## The task
Return a faithful copy of all the entries, omitting the images.

——

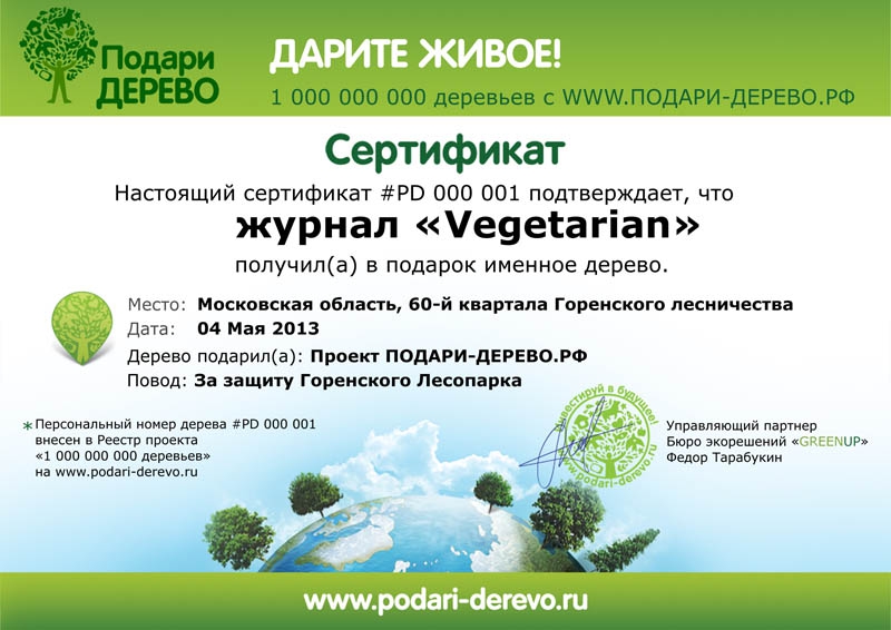 Cуть проекта в том, чтобы люди могли дарить друг другу живые именные деревья, посаженные удаленно, о чем мы присылаем красивый сертификат с точными GPS координатами и фотографией с места посадки.Для покупки именного дерева в Горенском лесу, переедите на форму оплаты (стоимость сертификата на именное дерево 350 руб.).
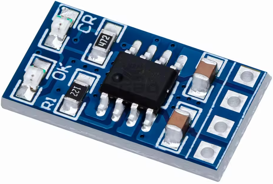 and no buck or boost regulator. Just a little IC, two LEDs, and a pair of resistors and capacitors.
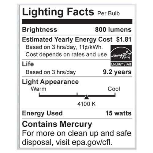 15 watt; A19 Compact Fluorescent; 4100K; 82 CRI; Medium base; 120 volts
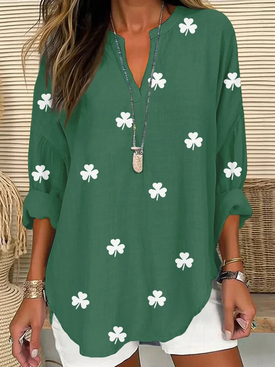 St. Patrick's Day V Neck Long Sleeve Shamrock Regular Loose Shirt For Women
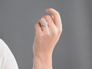 RING, platinum/18K white gold, brilliant cut diamond approx. 1,25 ct, approx. TCr(I)/VS2, 24 brilliant cut diamonds approx. 1,56 ctw, approx. TW-W/VS-SI, size 16,75 mm, weight, 4,9 g, center stone has a notch and an extra facet, low crown.
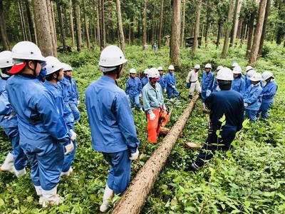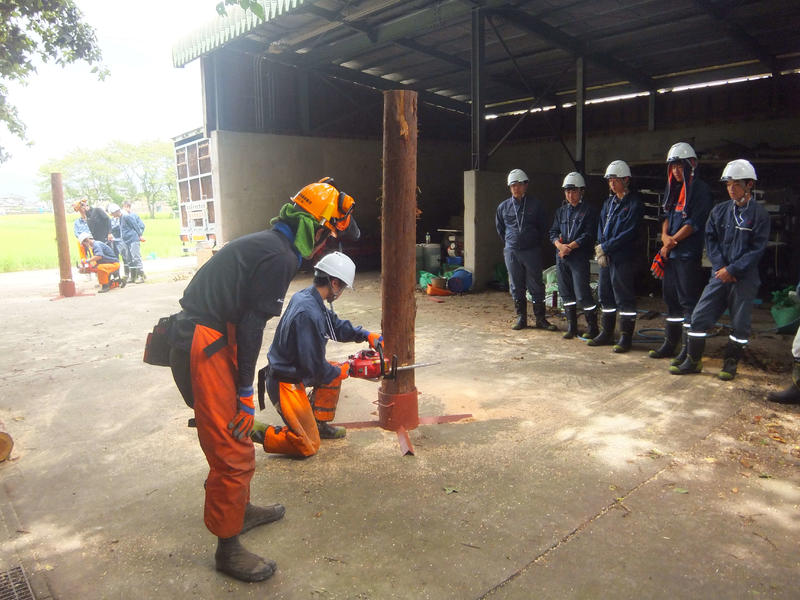 8月7日、総合農業科2年環境コースの生徒が林業就業支援講習を受講していました。今日は、チェーンソーの操作研修でした。明日は、いよいよ山に入り伐木に挑戦です。安全第一に頑張って下さい。
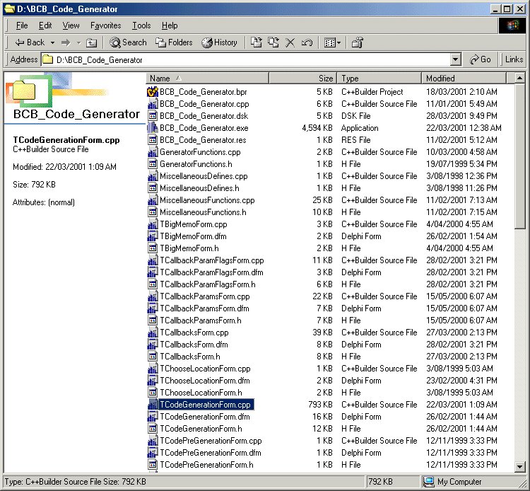 - If you've got a Win32 or any other standard C or C++ structure definition, and you want it to be a standardised C++ Builder VCL class complete with properties, events, and automated error checking, the BCB_Code_Generator will help you do it easily and automatically.
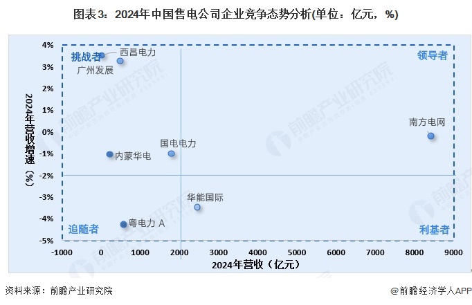 根据2024年企业营收及增速情况进行分析售电市场参与者的业绩情况,市场上的领导者是国家电网、南方电网。其次是挑战者西昌电力、广州发展、内蒙华电和国电电力。追随者是粤电力,利基者是华能国际。
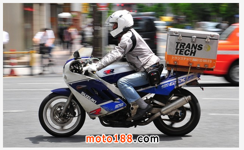 最開始的時候我還沒有搞明白怎么有人會在后座放這個大個的箱子,知道又看到幾輛“造型”相似的車子經過我才發現這是快遞公司的快遞員,在長焦端拉近之后才看到這款車的型號——鈴木GSX-R400,不過這個造型真的很有意思,后座的貨箱實在是太大個了。
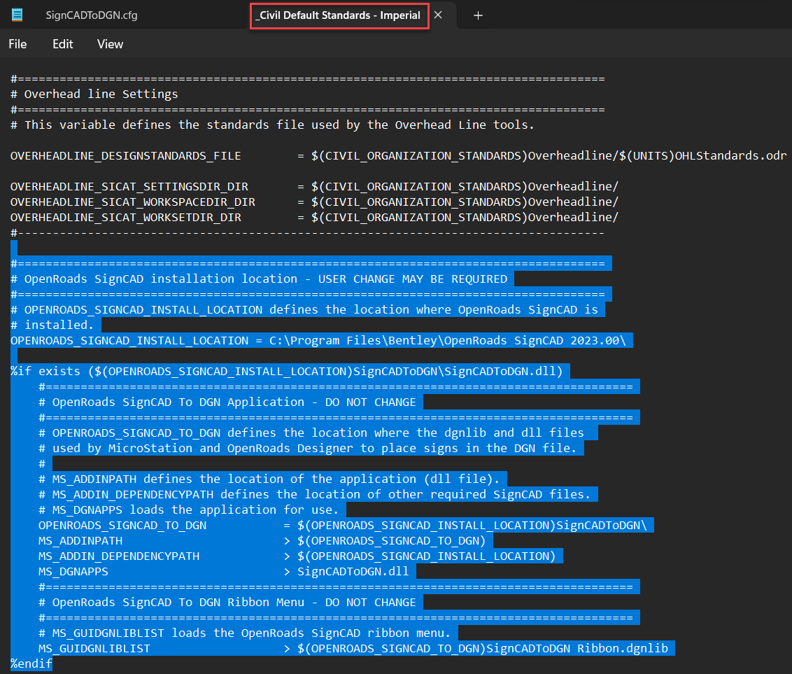 Copy the contents of the SignCADToDGN.cfg and paste them into the _Civil Default Standards - Imperial.cfg or other WorkSpace .cfg file located under the OpenRoads Designer Organization-Civil folder.
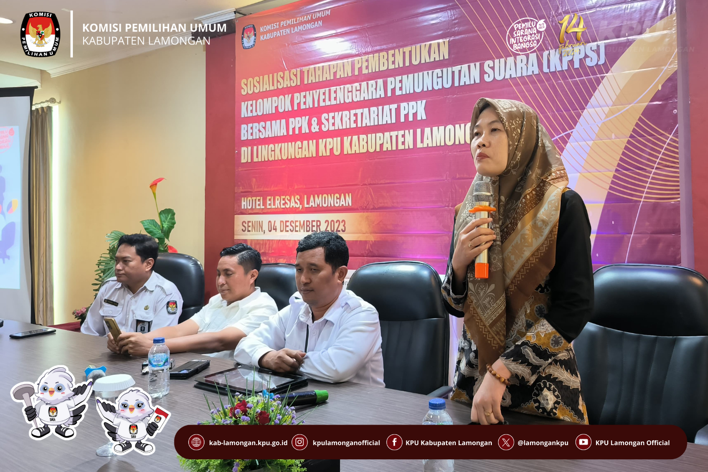 Dewi Mashlahatul Ummah, Divisi Perencanaan, Data dan Informasi, dalam sambutannya menjelaskan bahwa nantinya akan dibuka pendaftaran KPPS 11 November. Dewi meminta kesempatan Sosialisasi ini dimanfaatkan dengan baik untuk Pembentukan KPPS. "KPPS ibaratkan ujung tombak Teknis Penyelenggaraan pemilu", jelas Dewi. Berhasilnya membentuk KPPS sebagai bentuk menuju berhasilnya Penyelenggaraan Pemilu 2024. Materi mengenai Tahapan Pembentukan KPPS disampaikan oleh Khoirul Anam selaku Divisi Sosialisasi, Pendidikan Pemilih, Partisipasi Masyarakat dan SDM.
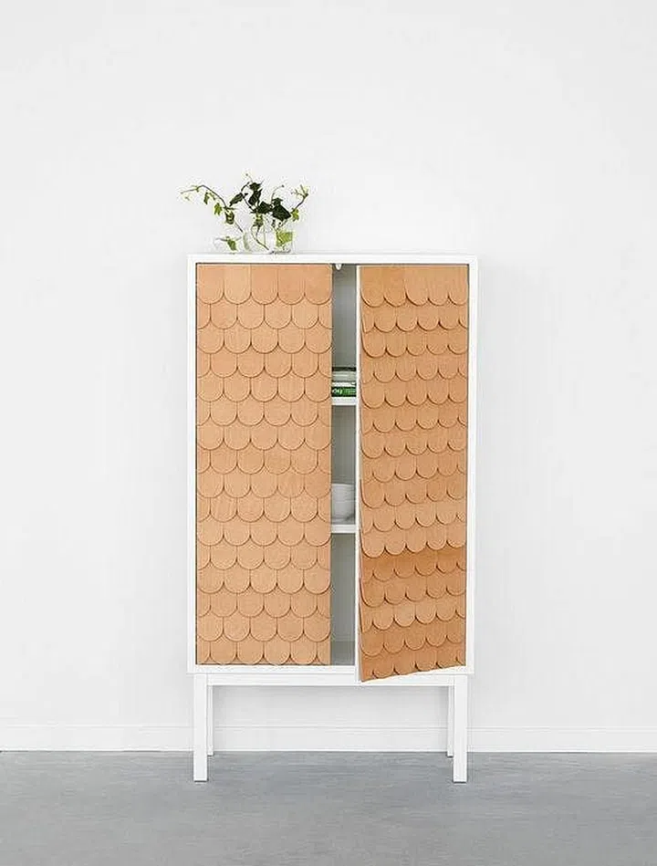 Wooden scales remind one of a traditional roof structure, but they become unique highlights when used on the door panels of this shelf from A2designers.

——

## Output of the task
 Cуть проекта в том, чтобы люди могли дарить друг другу живые именные деревья, посаженные удаленно, о чем мы присылаем красивый сертификат с точными GPS координатами и фотографией с места посадки.Для покупки именного дерева в Горенском лесу, переедите на форму оплаты (стоимость сертификата на именное дерево 350 руб.).
 and no buck or boost regulator. Just a little IC, two LEDs, and a pair of resistors and capacitors.
 15 watt; A19 Compact Fluorescent; 4100K; 82 CRI; Medium base; 120 volts
 St. Patrick's Day V Neck Long Sleeve Shamrock Regular Loose Shirt For Women
 RING, platinum/18K white gold, brilliant cut diamond approx. 1,25 ct, approx. TCr(I)/VS2, 24 brilliant cut diamonds approx. 1,56 ctw, approx. TW-W/VS-SI, size 16,75 mm, weight, 4,9 g, center stone has a notch and an extra facet, low crown.
 8月7日、総合農業科2年環境コースの生徒が林業就業支援講習を受講していました。今日は、チェーンソーの操作研修でした。明日は、いよいよ山に入り伐木に挑戦です。安全第一に頑張って下さい。
 - If you've got a Win32 or any other standard C or C++ structure definition, and you want it to be a standardised C++ Builder VCL class complete with properties, events, and automated error checking, the BCB_Code_Generator will help you do it easily and automatically.
 根据2024年企业营收及增速情况进行分析售电市场参与者的业绩情况,市场上的领导者是国家电网、南方电网。其次是挑战者西昌电力、广州发展、内蒙华电和国电电力。追随者是粤电力,利基者是华能国际。
 最開始的時候我還沒有搞明白怎么有人會在后座放這個大個的箱子,知道又看到幾輛“造型”相似的車子經過我才發現這是快遞公司的快遞員,在長焦端拉近之后才看到這款車的型號——鈴木GSX-R400,不過這個造型真的很有意思,后座的貨箱實在是太大個了。
 Copy the contents of the SignCADToDGN.cfg and paste them into the _Civil Default Standards - Imperial.cfg or other WorkSpace .cfg file located under the OpenRoads Designer Organization-Civil folder.
 Dewi Mashlahatul Ummah, Divisi Perencanaan, Data dan Informasi, dalam sambutannya menjelaskan bahwa nantinya akan dibuka pendaftaran KPPS 11 November. Dewi meminta kesempatan Sosialisasi ini dimanfaatkan dengan baik untuk Pembentukan KPPS. "KPPS ibaratkan ujung tombak Teknis Penyelenggaraan pemilu", jelas Dewi. Berhasilnya membentuk KPPS sebagai bentuk menuju berhasilnya Penyelenggaraan Pemilu 2024. Materi mengenai Tahapan Pembentukan KPPS disampaikan oleh Khoirul Anam selaku Divisi Sosialisasi, Pendidikan Pemilih, Partisipasi Masyarakat dan SDM.
 Wooden scales remind one of a traditional roof structure, but they become unique highlights when used on the door panels of this shelf from A2designers.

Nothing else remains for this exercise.